I recorded a 20-minute interview with Palmer, and he shared some fascinating information about his personal experiences mostly involving Richard Shaver and tales of evil subsurface dwellers known as deros.

The interview was broadcast on a radio show at a college station. I made a transcript and then filed it away until Caveat Emptor was being put together, and I made that transcript a feature article for the first issue.

Caveat Emptor was originally printed with a duplicating machine known as a mimeograph. You typed copy onto masters known as stencils, and the device would force ink into the spaces formed by a typewriter. Typing wasn’t easy, because you couldn’t just erase a mistake, although there was, as I recall, a substance that would paint over the mistake and allow you to retype the entry. But the corrections usually left some artifacts, so I ended up throwing away the stencil and starting over.

Remember that I was still volunteering for that street newspaper, and actively seeking another radio gig while the first issue of Caveat Emptor was being put together.

On the day that I received my last unemployment check, I got an offer for a new job at a station near Philadelphia, in Coatesville, PA. We had printed several hundred copies of Caveat Emptor, and it was ready to go except for a cover and, of course, collating the pages and stapling them together.

That waited till we moved to our new home.

Over the years, I had managed to assemble a small mailing list of friends and acquaintances interested in UFOs, and we used that as the basis for our original subscription solicitations. I also sent free copies to the people I knew best, largely to ask them to write articles.

As subscription revenue increased, we quickly set aside the mimeograph and found a local printer to handle the chores and help empty our bank account. A year or two later, I took on a second job assembling educational materials for a local school system, using a primitive cold typesetting device known as an IBM Composer.

It was even capable of justified output, but you had to type twice. With the permission of the management, they let me spend an hour or two every so often assembling Caveat Emptor on that device. I just had to pay for the carbon ribbons I used.

Caveat Emptor survived for 15 issues, until 1975, when our efforts to expand the magazine didn’t pan out. A local business venture had fallen on hard times, so I had to focus on making a living.

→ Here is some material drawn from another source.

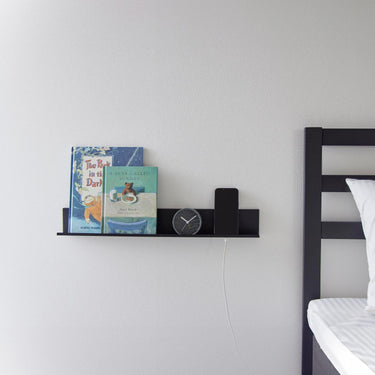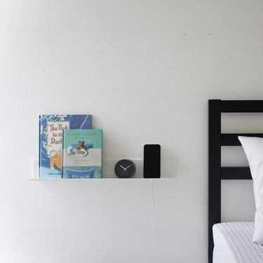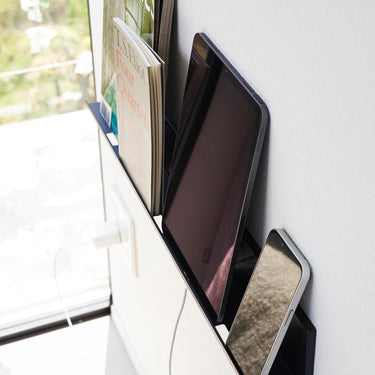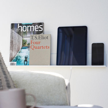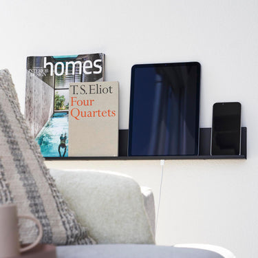 A slim shelf that allows you to store tablets or books suspended from the wall using plasterboard pins.

That was it for UFOs, at least for the next 13 years.

It was 1988, and, of a sudden, I had the inspiration to reassemble the old gang and revive Caveat Emptor. I had been working at a prepress plant in New York City, and management allowed me to commandeer the equipment during the early morning hours to do my own work. Well, so long as I didn’t waste too much expensive phototypesetting paper.

After a year or so, management encouraged me to seek another outlet for production of the magazine. I ended up doing all the desktop publishing on my Mac using a productivity app known as QuarkXPress.

Issue 23, published in 1990, was the last issue. It was time to move on, but it was fun, and I think we left a legacy of great material, including cutting-edge commentaries from some really great writers, and exclusive interviews of personalities in the paranormal field.

Although some of the material is surely out of date 30 years later, I think a lot of it is still relevant. So with the cooperation of researcher Isaac Koi, the entire Caveat Emptor library has been digitized and posted online.

You can check it out here:


These days, I have confined much my writing on the paranormal to this newsletter. But just the other day, a subscriber to The Paracast+ suggested I revise Caveat Emptor as a digital publication and offer it as a member-only premium.

I’m flattered, but I’m not at all inclined to want to return to the rat race, even if I could assemble a new roster of writers, or the members of our original team that are still with us. But the entire experience still gives me happy memories. That made it all worth it.